#### Data under study ####

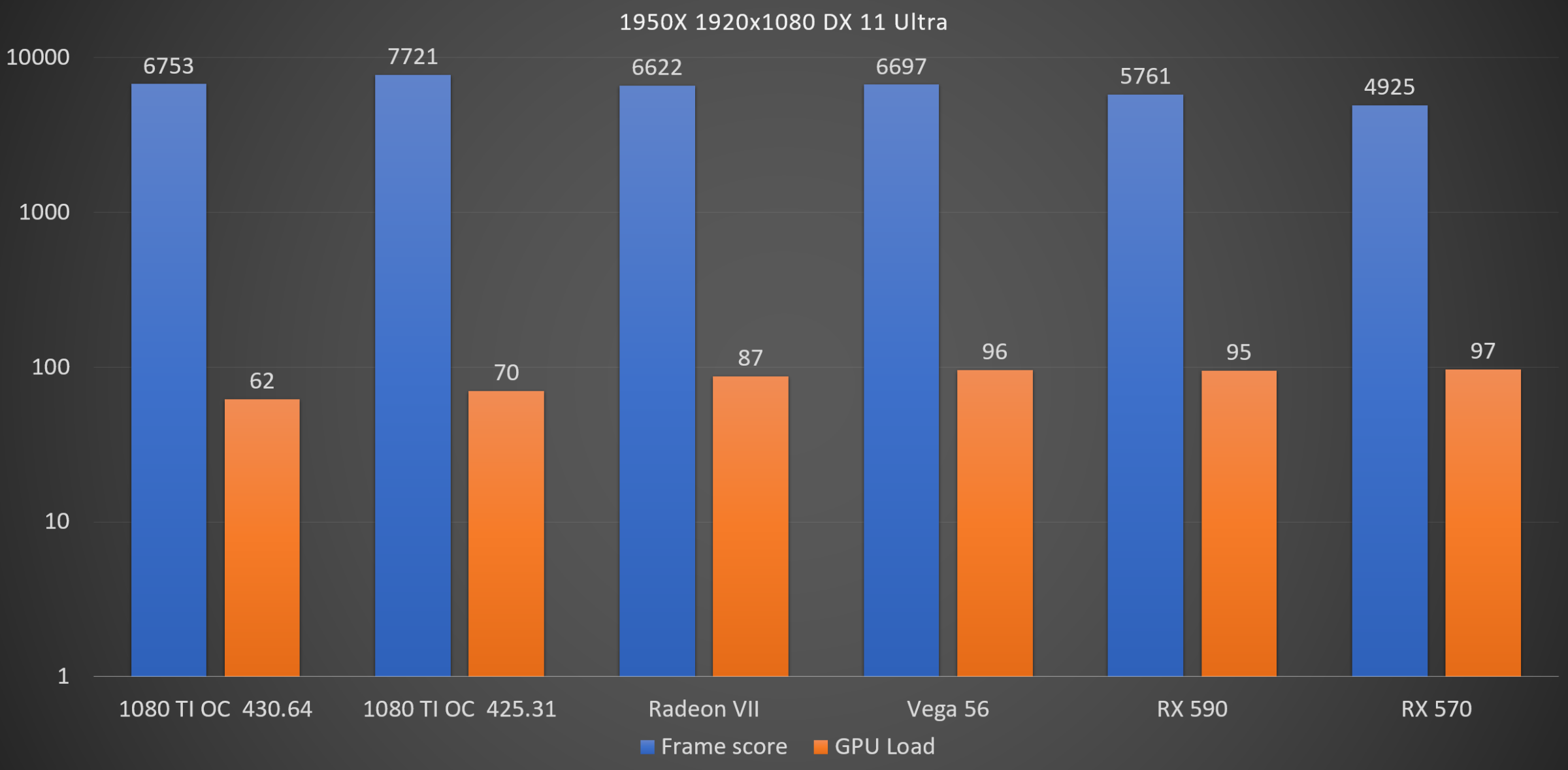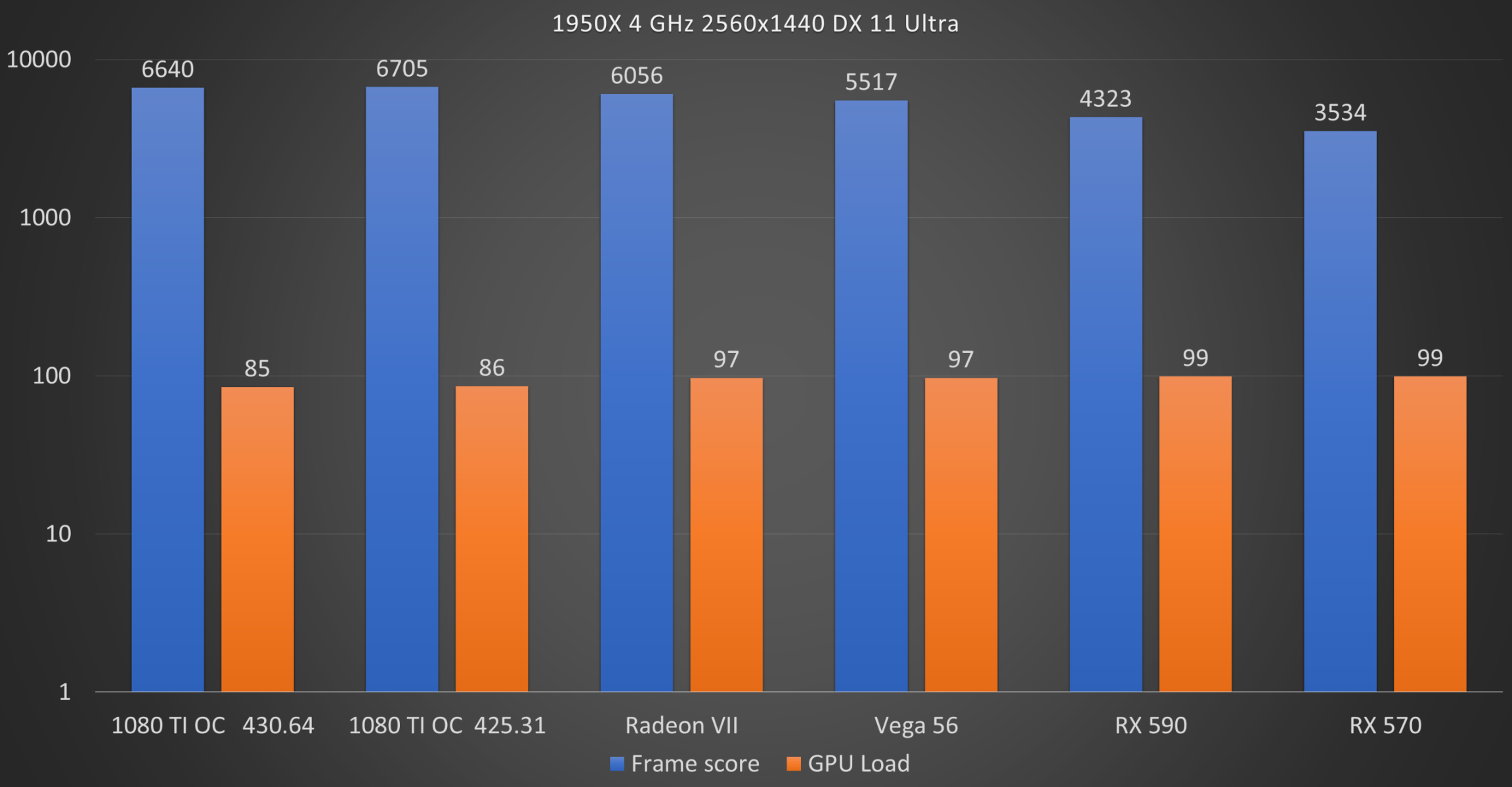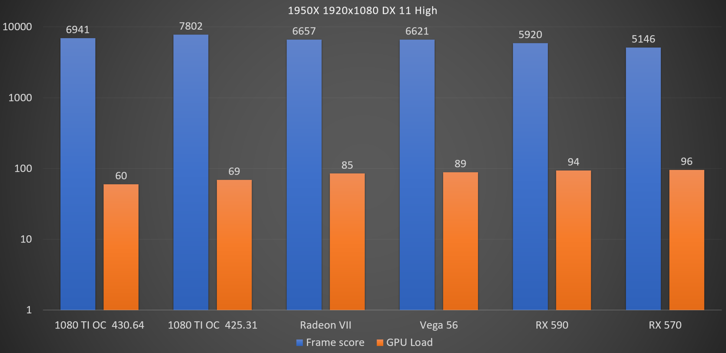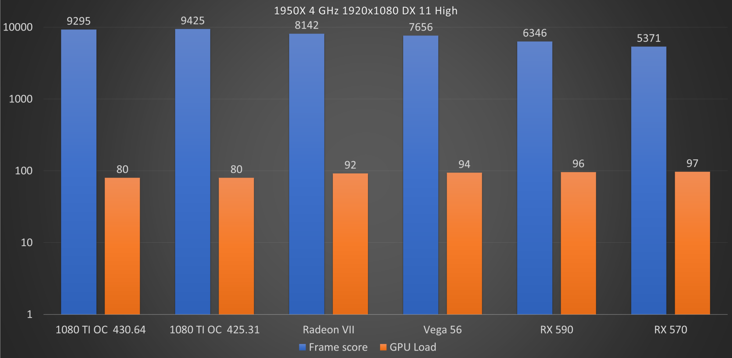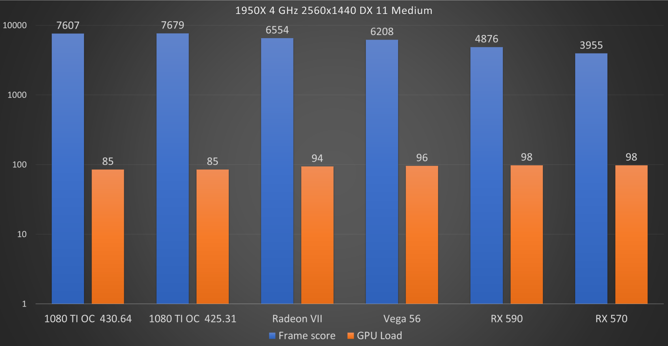 На момент тестирования вышедший драйвер 430.64 поднял производительность в Vulkan, но снизил производительность в DX 11 в FHD. Nvidia оказалась более процессорозависима, снижение настройки графики, приводит к тому что RX 570 начинает дышать в спину 1080 Ti. В DX 11 лидирует видеокарта 1080 Ti, в Vulkan AMD.
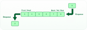 The element which is first pushed into order (image 2 – item with value 2), gets operation first performed on. (geeksforgeeks.org)
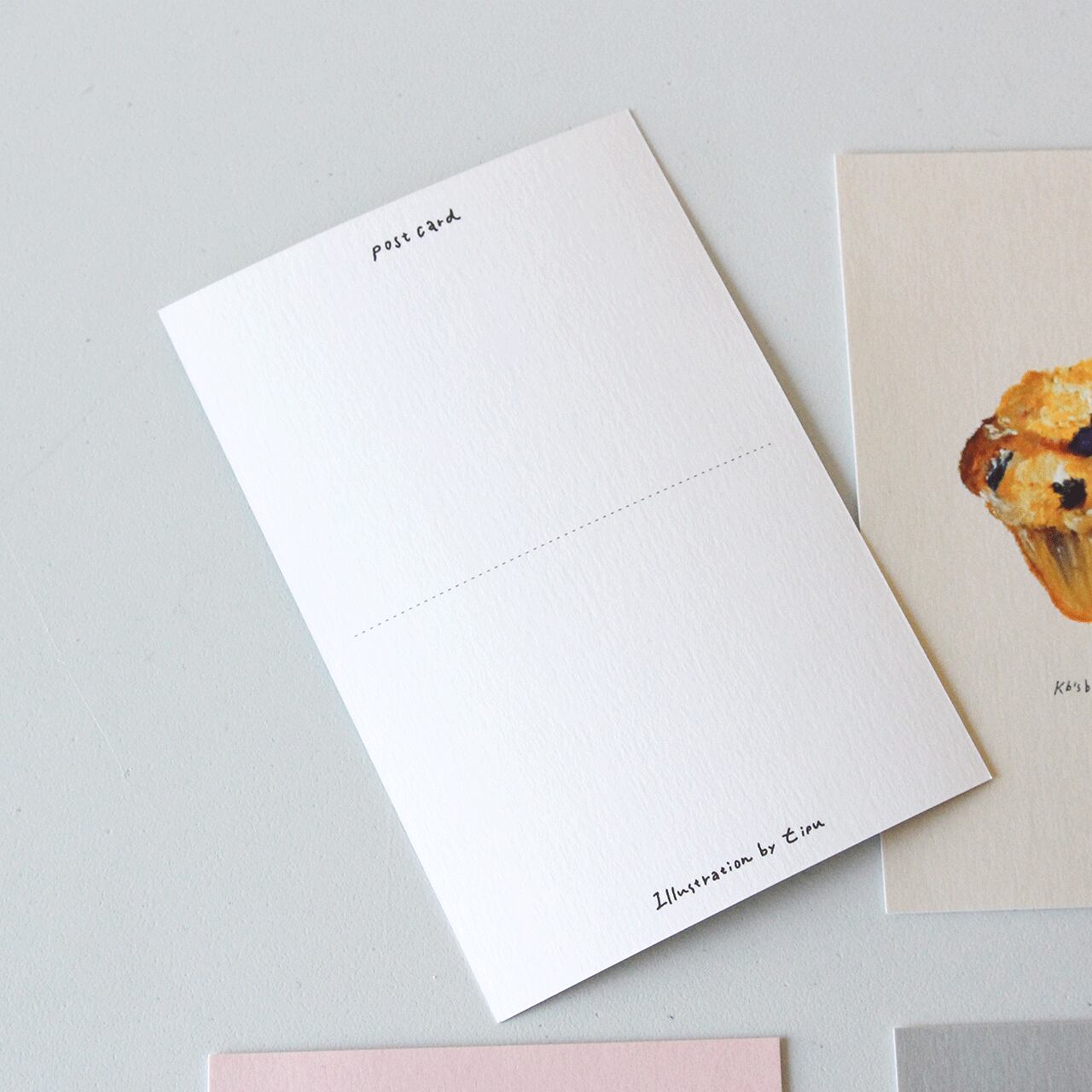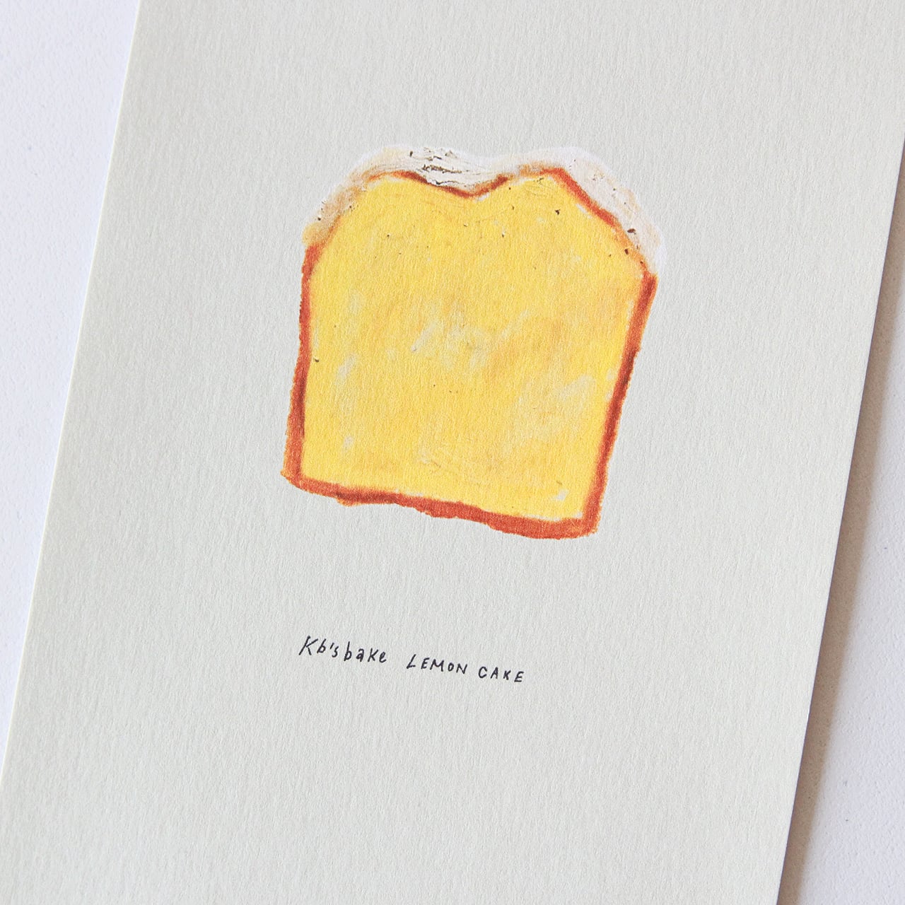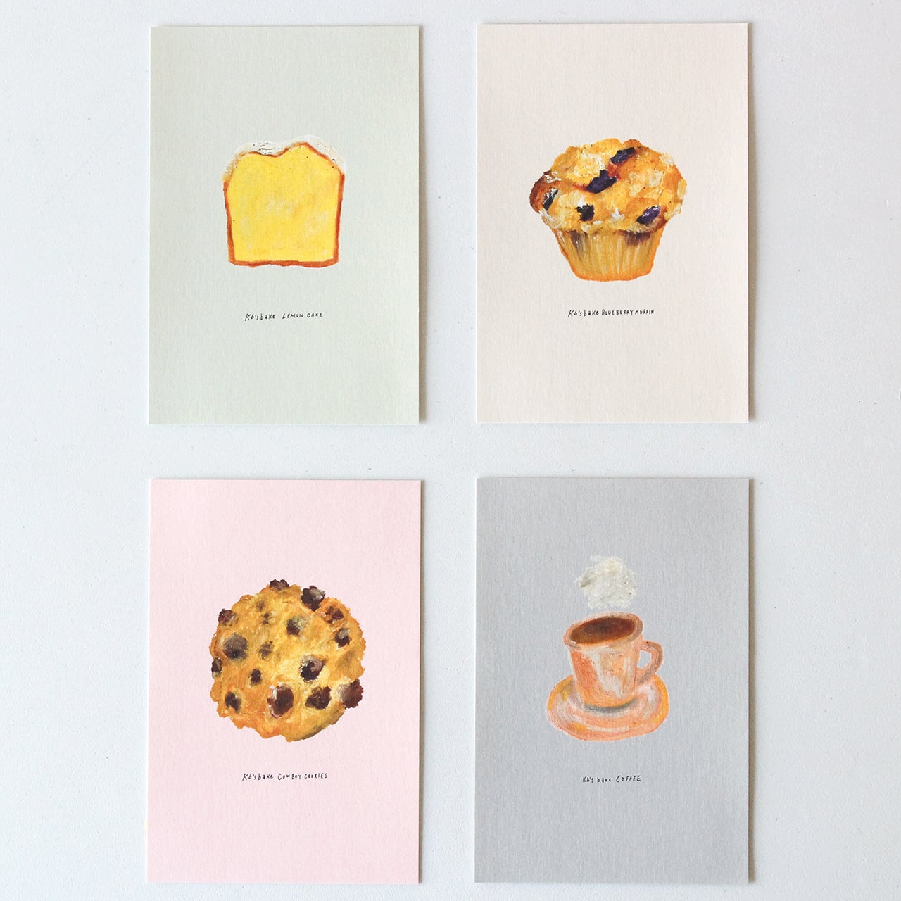 kb’s bake で人気のお菓子やコーヒーが描かれたポストカードです。
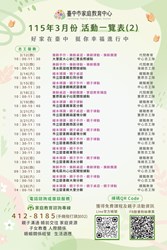 臺中市家庭教育中心115年3月份活動一覽表。
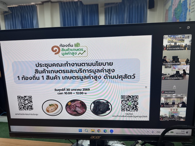 วันที่ 30 มกราคม 2569 น.สพ.พืชผล น้อยนาฝาย ปศุสัตว์เขต 5 มอบหมายให้ นางสาวกนกพร พวงเงินมาก นักวิชาการสัตวบาลชำนาญการ ส่วนส่งเสริมและพัฒนาการปศุสัตว์ สำนักงานปศุสัตว์เขต 5 เข้าร่วมประชุมคณะทำงานตามนโยบายสินค้าเกษตรและบริการมูลค่าสูง 1 ท้องถิ่น 1 สินค้าเกษตรมูลค่าสูง ด้านปศุสัตว์ ครั้งที่1/2569 โดยมี น.สพ.มนัส เทพรักษ์ รองอธิบดีกรมปศุสัตว์ เป็นประธานในการประชุม ผ่านระบบสื่อสารออนไลน์(Zoommeeting) การประชุมดังกล่าวเป็นการประชุมเพื่อคัดเลือกพื้นที่สินค้าเกษตรมูลค่าสูงด้านปศุสัตว์ และจัดทำแผนพัฒนาสินค้าเกษตรด้านปศุสัตว์ให้เกิดผลเป็นรูปธรรม ซึ่งการนำเสนอพื้นที่สินค้าเกษตรมูลค่าสูง ด้านปศุสัตว์ ประจำปีงบประมาณ 2569 มีจำนวนทั้งสิ้น 19 สินค้ามูลค่าสูง ในการนี้พื้นที่สำนักงานปศุสัตว์เขต 5 มีจำนวน 2 ชนิดสินค้ามูลค่าสูง ที่ได้รับการคัดเลือกในปีงบประมาณ 2569 ได้แก่

####

**Work request:** Copy the data above line for line, skipping every picture.

**Your response:**
 На момент тестирования вышедший драйвер 430.64 поднял производительность в Vulkan, но снизил производительность в DX 11 в FHD. Nvidia оказалась более процессорозависима, снижение настройки графики, приводит к тому что RX 570 начинает дышать в спину 1080 Ti. В DX 11 лидирует видеокарта 1080 Ti, в Vulkan AMD.
 The element which is first pushed into order (image 2 – item with value 2), gets operation first performed on. (geeksforgeeks.org)
 kb’s bake で人気のお菓子やコーヒーが描かれたポストカードです。
 臺中市家庭教育中心115年3月份活動一覽表。
 วันที่ 30 มกราคม 2569 น.สพ.พืชผล น้อยนาฝาย ปศุสัตว์เขต 5 มอบหมายให้ นางสาวกนกพร พวงเงินมาก นักวิชาการสัตวบาลชำนาญการ ส่วนส่งเสริมและพัฒนาการปศุสัตว์ สำนักงานปศุสัตว์เขต 5 เข้าร่วมประชุมคณะทำงานตามนโยบายสินค้าเกษตรและบริการมูลค่าสูง 1 ท้องถิ่น 1 สินค้าเกษตรมูลค่าสูง ด้านปศุสัตว์ ครั้งที่1/2569 โดยมี น.สพ.มนัส เทพรักษ์ รองอธิบดีกรมปศุสัตว์ เป็นประธานในการประชุม ผ่านระบบสื่อสารออนไลน์(Zoommeeting) การประชุมดังกล่าวเป็นการประชุมเพื่อคัดเลือกพื้นที่สินค้าเกษตรมูลค่าสูงด้านปศุสัตว์ และจัดทำแผนพัฒนาสินค้าเกษตรด้านปศุสัตว์ให้เกิดผลเป็นรูปธรรม ซึ่งการนำเสนอพื้นที่สินค้าเกษตรมูลค่าสูง ด้านปศุสัตว์ ประจำปีงบประมาณ 2569 มีจำนวนทั้งสิ้น 19 สินค้ามูลค่าสูง ในการนี้พื้นที่สำนักงานปศุสัตว์เขต 5 มีจำนวน 2 ชนิดสินค้ามูลค่าสูง ที่ได้รับการคัดเลือกในปีงบประมาณ 2569 ได้แก่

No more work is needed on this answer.